Jeremy Helton, 33
Manhattan Ave at Norman Ave, Greenpoint, Brooklyn
Wed Apr 9 2008
Photograph: Jay Muhlin
Hey! TONY just did a story called "Bringing sexy vac."
[Laughs] This isn't even mine! I'm just borrowing it so I can clean up the sawdust in my apartment.
I'm building an installation that incorporates video, sound and deconstructed cereal boxes. My grandmother used to draw herself on the insides of generic raisin-bran boxes.
I've diverged from her methodology: My friends all seem to only eat high-fiber cereal, so I reached out to friends in the Midwest for their Frosted Flakes boxes.
Man, what's up with all the Kashi-eating New Yorkers? I don't know, I guess we're just really sensitive about our colons. [Laughs]
[Editor's note: It would take 14,150 human colons to span the length of Manhattan.]

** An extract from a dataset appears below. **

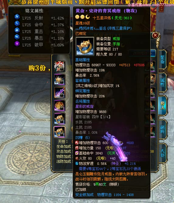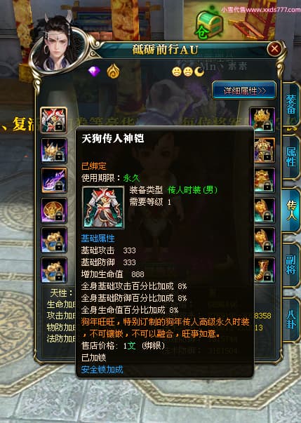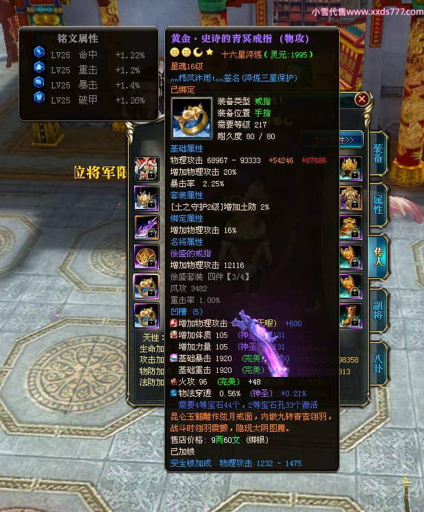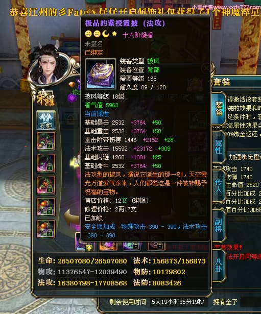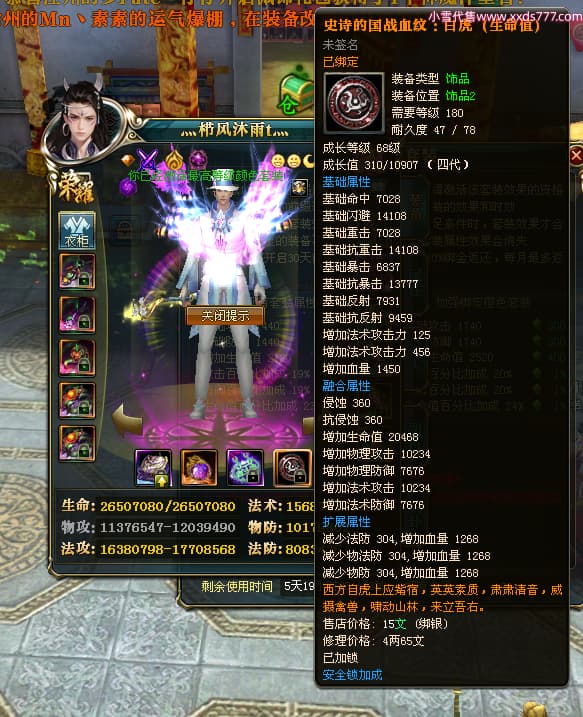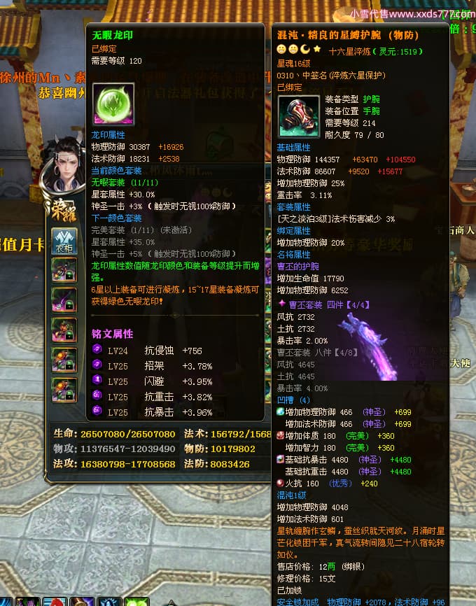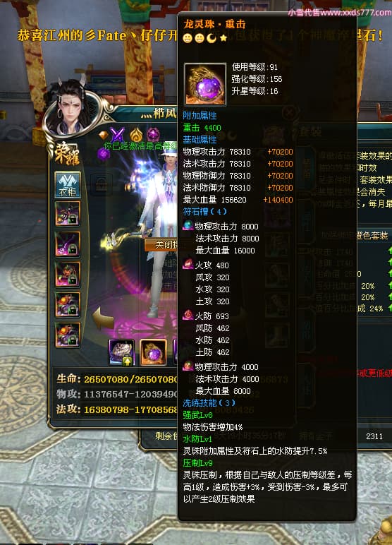 编号Z23724 灬栉风沐雨t灬 逐鹿天下 徐州 世界排名36名 27202W战力 人物黄金极品橙16X(4件18X9件混沌) 传人黄金史诗紫15X 副将精良紫12X 马黄金精良橙13X 极品紫16披风 人物星魂16级 传人星魂16级 副将星魂6级 马星魂16级 人物铭刻2件18级1件17级1件16级其余15级 人物点亮2件18星其余16星 马铭刻4件13级1件12级 点亮3件14星其余12星 人物绿龙印(1件紫龙印) 马黄龙印 六等单双属性神圣完美无暇石头 黄绿孔 已开4次永久15星套

So how do you pay the bills?
I work at the Culture Project. We produce screenings and performances that relate to social-justice issues. Right now it's George Packer's Betrayed, which is based on interviews with Iraqi translators from the Green Zone.
That's heavy stuff. Ever find yourself at home with the Frosted Flakes and think, Wait, what am I doing?

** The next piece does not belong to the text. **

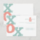 This coral peach pink and mint green or teal blue or sea foam modern wedding response card features the letters XOX sybolizing hungs and kisses for a whimsical, romantic and chic stylish announcement. The bold look gives this spring wedding invitation a fun and artistic feel and can also be used for bridal shower or wedding shower invites and vow renewal and anniversary party invites.

My work is personal in nature, but I am really politically interested. I'm considering doing a public-art piece on the similarities between Iraqi refugees and the people of New Orleans.
Do you think art is the best way to address those issues?

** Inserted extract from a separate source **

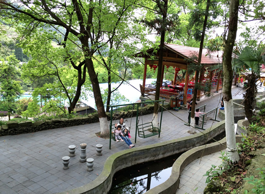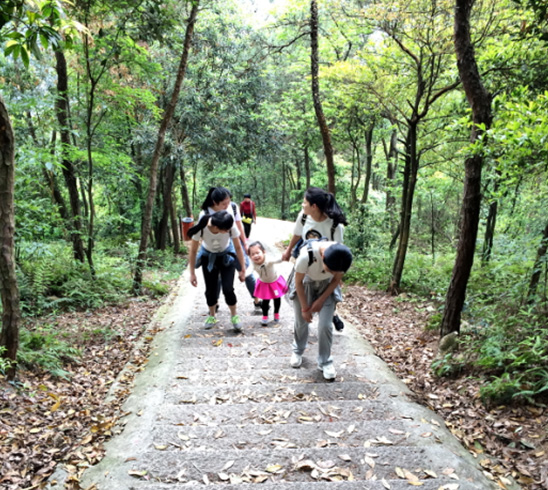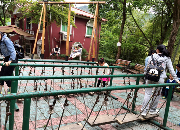 经过2小时左右的坚持不懈,一行人总算到达了白云山观光园的门口售票处,进入观光园,还有一条蜿蜒直下的走道,指引我们走去休闲区。休闲区设有秋千,小伙伴们一看见秋千就兴奋不已,纷纷上去玩耍,仿佛又回到了小时候,那单纯童真的样子。不远处有游泳池,夏天去白云山还能下去畅游一番,再上来吃山间美食,那感觉一定美哉!

I don't think there is a best way. We're inundated with bad news; it's helpful to disseminate information in a way that keeps the topic fresh and not didactic.
More thoughts from Jeremy
"I had a date last night with someone I met at Bembe, a Brazillian, Latin and reggae joint in Williamsburg. This was a friend of afriend, but I'm totally game for meeting perfect strangers at bars."
"My friends joke that every time they see me I look different. This is my Unabomber look."
Jeremy says: "I recently bought a lovely pair of worn-in—I don't like to use the word distressed because that conjures images of bad denim—brown wingtips by Hugo Boss from Bloomingdale's. I hate shopping. I do research about where I can find something, then go to the place, get it and leave. I'm like a heat-seeking missile."